The KBO is coming to the end of its regular season schedule, with all 10 teams having played at least 100 games by last week. While each team has a slightly different number of games remaining, every game is now crucial for every team.바카라사이트
Especially in September, a number of variables, both large and small, are expected to have a significant impact on teams and the league. The expanded entry system, which goes into effect on January 1, and the selection of the baseball team for the 2022 Hangzhou Asian Games complicate the math for the 10 teams.
Still, the biggest variable will be injuries. While an injury early in the season gives a player plenty of time to recover and a chance to return, an injury after September is devastating for both the team and the player. It can directly affect the race for the top spot.
The LG Twins are no exception to this rule. On April 26, foreign pitcher Adam Plutko, who started the game against the NC Dinos at Changwon NC Park, left the mound after only four innings due to discomfort in his left adductor (inner thigh muscle).
Plutko, who was removed from the roster to rest before the first-half deadline, took the mound after more than two weeks off, but delayed his start late last month after feeling ill. Shortly thereafter, he was diagnosed with COVID-19. He was out for about a month.
LG managed to put out the fire by acquiring starting pitcher Choi Won-tae in a trade with the Kiwoom Heroes late last month, but if Plutko’s injury is prolonged, LG’s starting rotation will be disrupted for the rest of the season. The team will be keeping a close eye on Plutko’s health, as the presence of a foreign pitcher is a big part of the team’s strength, although it’s possible to rely on the likes of Kim Yun-sik, Lee Min-ho, and Kang Hyo-jong as alternate starters.
Second-place KT Wiz, which is closely followed by LG, has also been plagued by injuries. At the beginning of the season, the team had a couple of injuries, but as time went on, the team got closer to full strength and didn’t have to worry about injuries anymore.
However, the loss of starting pitcher Uhm Sang-baek and main shortstop Kim Sang-soo to microfractures in their ribs and a sore left ankle, respectively, made it inevitable. Park Byung-ho, who has a calf injury, has been struggling to get into the starting lineup. It’s nothing short of a miracle that he made it to second place, but now that he’s on “defense,” KT has to be vigilant about injuries.
The teams fighting for a spot in the Top 5 are facing similar challenges. After sweeping a three-game series against LG last weekend, NC lost Park Se-hyuk to tendinitis in his left wrist, and Ahn Jung-yeol was diagnosed with partial damage to his right adductor muscle. For the time being, Kim Hyung-jun and Park Dae-on will have to share the pitching duties.
In addition, “lefty ace” Koo Chang-mo, who was sidelined with a fatigue fracture in his left ulna, will begin long toss and pitching preparation this week, but it’s unclear if he’ll return in September.
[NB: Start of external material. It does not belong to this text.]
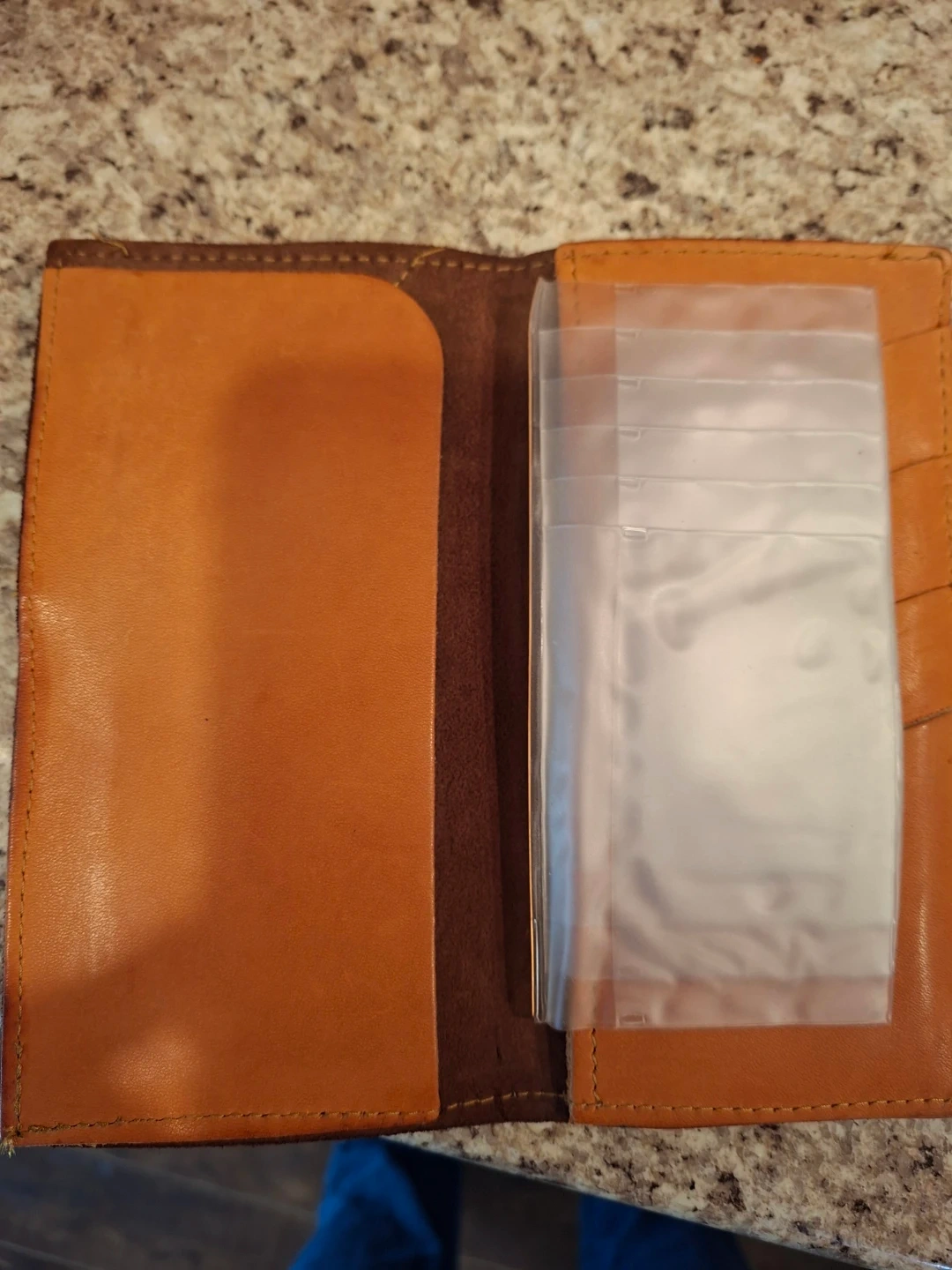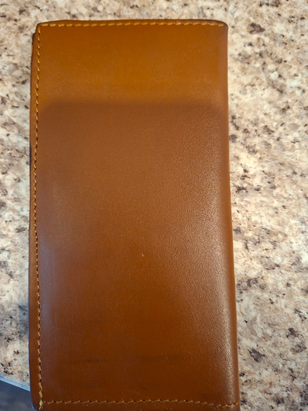 Brown leather bifold wallet with a decorative concho accent. It's got multiple card slots and a clear ID window. Perfect for keeping your essentials organized!

As a result, the team will have to rely on the performance of its existing starters.
KIA, which is on a four-game winning streak, is also not feeling well. Lee Yi-ri, who started against KT on July 22, was diagnosed with simple inflammation in his shoulder after complaining of shoulder pain, and is expected to return early next month if all goes well. However, it is unclear if he will be at 100%.
Foreign pitcher Mario Sanchez is also out of the lineup. Sanchez started a home game against the Gwangju Hanwha Eagles and pitched seven innings of two-hit ball, striking out six and walking one to earn his fourth win of the season, but he felt unwell afterward. On Aug. 28, he was examined at two hospitals and “cross-checked,” and was diagnosed with a right medial collateral ligament injury and impingement syndrome. He will need about three weeks for rehabilitation, according to the club.
The Doosan Bears, who have slipped to sixth place, have shaken off injuries and returned Yang Yang-ji and Jeong Soo-bin to the starting lineup, but Choi Seung-yong, who has been playing a “fifth starter” role, is still missing. The reason is a finger injury, and in his start against the Jamsil NC on April 19, he left the mound after just 2⅔ innings when a blister appeared on his left middle finger while pitching.
Choi hasn’t pitched since he was designated for assignment, so it will be a while before he returns to the first team. If all goes according to plan, he will be pitching out of the bullpen for the second team this week. That means he won’t be ready for the first team until September. I’m more worried about overloading the mound.
From here on out, the impact of an injury is going to be as big as a loss. It remains to be seen which team can survive at a time when injuries need to be minimized.